— Верю! Верю! — поспешно сказала Химка.
— Ну пойдем, я тебя отблагодарю.
Химка чешет волосы, не обращая внимания на Жана.
— Убудет тебя, что ли? — обиделся Жан. — Одним больше, одним меньше какая разница?
— Сроду с женатиками не гуляла, — последовал ответ.
— Я все равно что холостой, жена отставку дала, — с наигранной горечью сообщил Жан. — Слушай, Химка, я подарю тебе чудные швейцарские часики.
— Какие?
— Фирма «Онемаханизмус»…
— Без механизма, значит?
— Почем ты знаешь?.. Да нет, в них все чин чинарем. Шестнадцать камней. Это только название такое, потому облегченный механизм.
— Дядя Жан, катись-ка ты отсюда, не то тетке Марине скажу.
— Тоже мне невинность! — разозлился Жан и, наподдав сапогом Химкины тапочки, пошел восвояси…
…На колхозном базу конюх проваживает Эмира, чудо-жеребца чистейших орловских статей. Надежда Петровна любуется дивным конем, словно выточенным из цельной черной кости. Эмир дышит из ноздрей сухим жаром, скашивая на председательницу диковатый, настороженный зрак.
— Рацион строго соблюдаешь? — спрашивает конюха Петровна.
— Обижаешь, Петровна! Я, бывает, сам не пожру, но Эмир у меня завсегда обухожен.
Петровна хотела еще что-то спросить, но тут внимание ее было властно отвлечено. К базу подходил глубокий овраг, густо заросший травой и полевыми цветами: ромашкой, резедой, колокольчиками. По отлогой пади оврага ползал Софьин муж Василий и собирал цветы. Петровна устремилась к оврагу.
— Ты что, Василий? — крикнула Петровна. — На подножные корма перешел?
Василий не ответил, только спрятал за спину букет. Надежда Петровна приблизилась к нему.
— Никак сударушку завел? Так Софье и передам.
— Для нее и рву, — буркнул.
Чувствуется, что Надежду Петровну прямо-таки разрывает от смеха, но она сладила с собой и — сочувственно:
— Нешто она к вам охладела? Давайте я вам букетик составлю, а то у вас между цветами лошадиный клевер торчит.
Обалдев от срама, Василий сунул ей букет. Петровна быстро подобрала его по цветам, сорняк повыдернула.

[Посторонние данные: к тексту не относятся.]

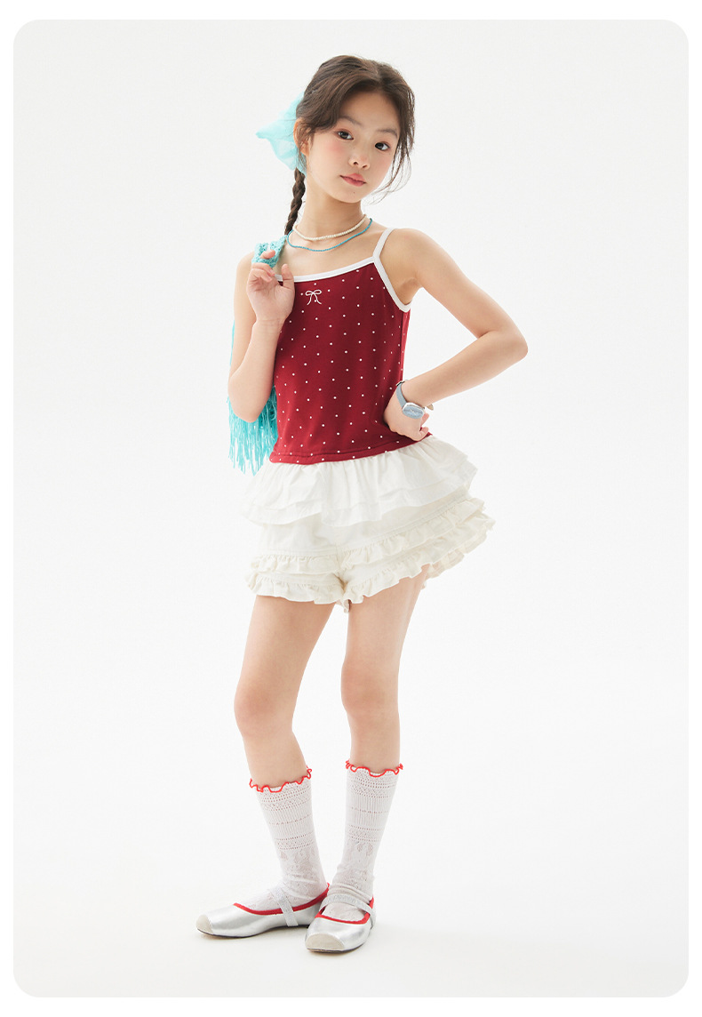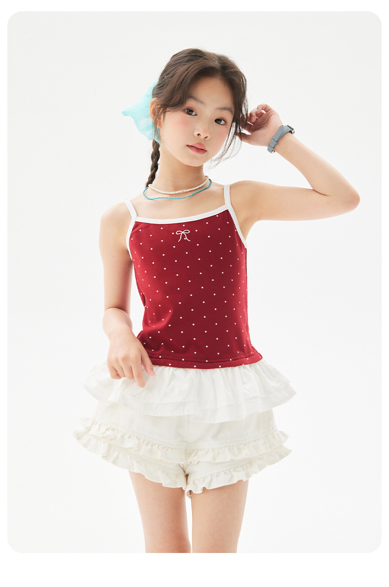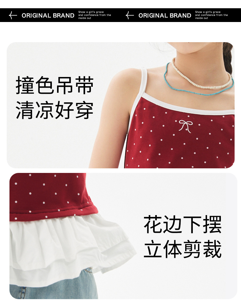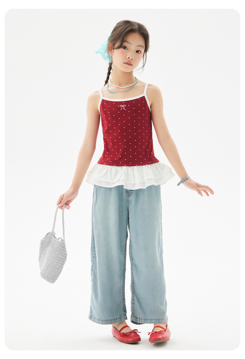 소녀 스티칭 레이스 슬립 셔츠 2025 여름 새로운 어린이 캐주얼 얇은 아동복 조끼 중 큰 어린이 티셔츠

— Может, вам с гитарой у ней под окнами посидеть? Женское сердце на музыку падкое. Да и детишкам вашим будет занятно.
— Хватит насмешничать…
— А я не насмешничаю. Я к тому, что травка тебе не поможет. Вспомни лучше, каким ты раньше плугарем был, каким чертом был на работе. Тем и взял ты Софьино сердце.
Василий не отличался особой сообразительностью, но тут его осенило:
— Так это ты, значит, бабу с панталыку сбила?
И сжал букет, как топор, вот-вот ахнет Петровну по голове. Но и та зашлась, ей сейчас все нипочем.
— Нишкни, лодырь! На твою бабу молиться надо. Она по шестнадцать часов робила, траву жрала, чтоб детей твоих сохранить. Ангел она, а не баба. А ты ряшку разлопал, а робишь, будто поденный. Ей бы гнать тебя в шею, Аника-воин!.. — размахивая кулаками перед самым носом Василия, орала разбушевавшаяся председательница…
— Ну-ну, ты полегше… — отступая, бормотал Василий…
…По улице идут Якушев и Надежда Петровна. Якушев громко, заразительно смеется.
— Неужто помогло? — спрашивает он сквозь смех.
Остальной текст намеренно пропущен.